Imagine the sheer frustration of year in and year out meeting with doctor after doctor, and despite all their efforts, still not being able to identify why your child is not well.
This was the case for a family from Southwestern Ontario, whose youngest son was living with a condition that simply could not be diagnosed for 20 years.
It wasn’t until they were referred to Dr. Robert Hegele that they were able to get answers.
In addition to being an endocrinologist, and lipid specialist, Dr. Hegele is a geneticist, scientist and the Scientific Director of the London Regional Genomics Centre (LRGC) at Robarts Research Institute.
It was at the LRGC that Dr. Hegele was able to identify a variant in the genetic code of the youngest son of the local family. After running tests that looked at his 25,000 genes and those of his siblings, Dr. Hegele could identify a single letter difference in his code. In doing so, he was able to diagnose the young man’s condition, which was so rare that there are only 15 other individuals in the world living with it.
The LRGC was founded in 2000. Today, three staff members, annually, work with approximately 400 scientists from around the world completing thousands of genetic tests and analyses. The team completes experiments, compiles statistics and provides answers to questions posed by scientists. In addition to all the testing, Dr. Hegele estimates that nearly 240 research papers have been written using results from tests completed at the facility.
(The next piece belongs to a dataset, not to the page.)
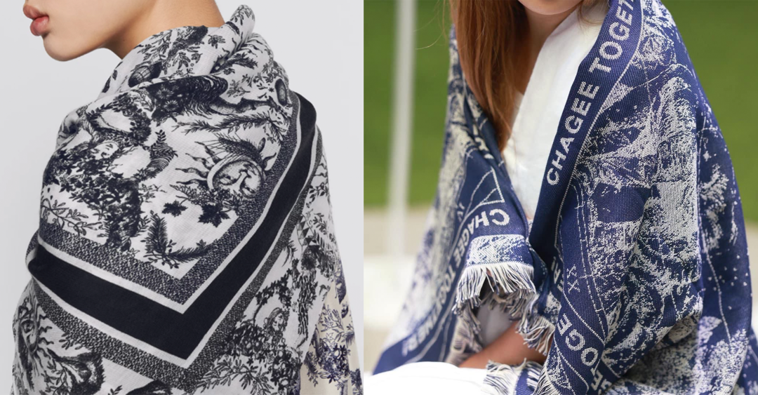 霸王茶姬披肩设计风格与 Dior 的经典Toiles de Jouy 图案非常相似,采用了自然主题元素,如植物、动物和星空等元素设计,强调复古与艺术感。

With the assistance of a new, next-generation sequencing machine, the team at the LRGC can help to identify unique and rare conditions, as well as look at an individual’s DNA and molecules related to DNA, called RNA, to determine why they may have a specific condition such as early heart disease, severe diabetes or elevated cholesterol. And because DNA cuts across all species, the LRGC can assist with research related to insects, plants, marine life and vertebrates.
“A researcher will come to us with their question and we are using modern genomic technology to provide them with the answer,” said Dr. Hegele.
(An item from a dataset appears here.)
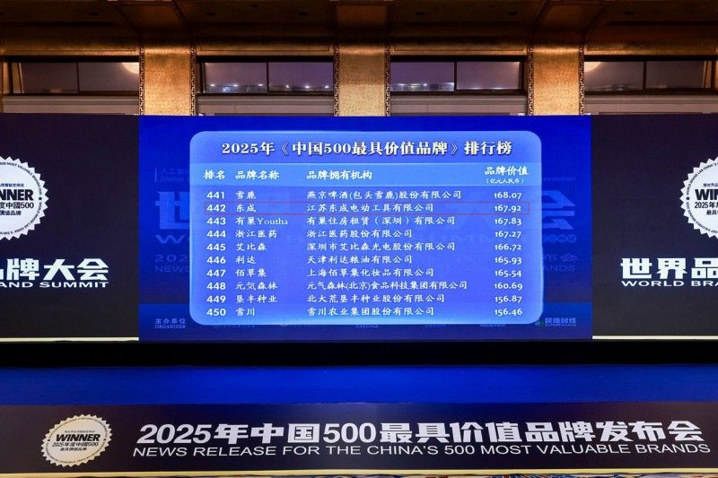近日,备受瞩目的第22届“世界品牌大会暨中国500最具价值品牌发布会”在北京隆重举行。江苏东成电动工具有限公司(以下简称“东成”)凭借卓越的市场表现、强大的品牌影响力与深厚的创新实力,荣膺“2025年中国500最具价值品牌”,品牌价值评估高达167.92亿元人民币,位列榜单第442位,是本年度该榜单中唯一上榜的中国电动工具品牌。

The technology at the LRGC has advanced significantly in the past few decades. Previously, a complete genetic sequence of an individual would have taken years, and likely several million dollars, says Dr. Hegele. Today, however, a student can be assigned the project to review the more than 25,000 genes in a week, and the cost is under $2,000.
While providing answers to complex genetic questions, the LRGC also serves as a constant support for work that Dr. Hegele and others do when working with patients with various medical conditions, including high cholesterol, heart disorders and diabetes.
“I use the Centre to support testing for patients that I see in the lipid clinic,” said Dr. Hegele. “These individuals are living with various inherited cholesterol disorders. At LRGC, we are able to run a panel test of every known gene related to cholesterol disorders. This allows us to determine what is causing the disorder and helps to identify possible treatments.”
Asked to sum up the value and impact of the LRGC, Dr. Hegele says that it is an amazing world-class centre that has helped patients, helped researchers and had a long track record of making a difference; we should be proud of the work that takes place every day at the centre based in Robarts.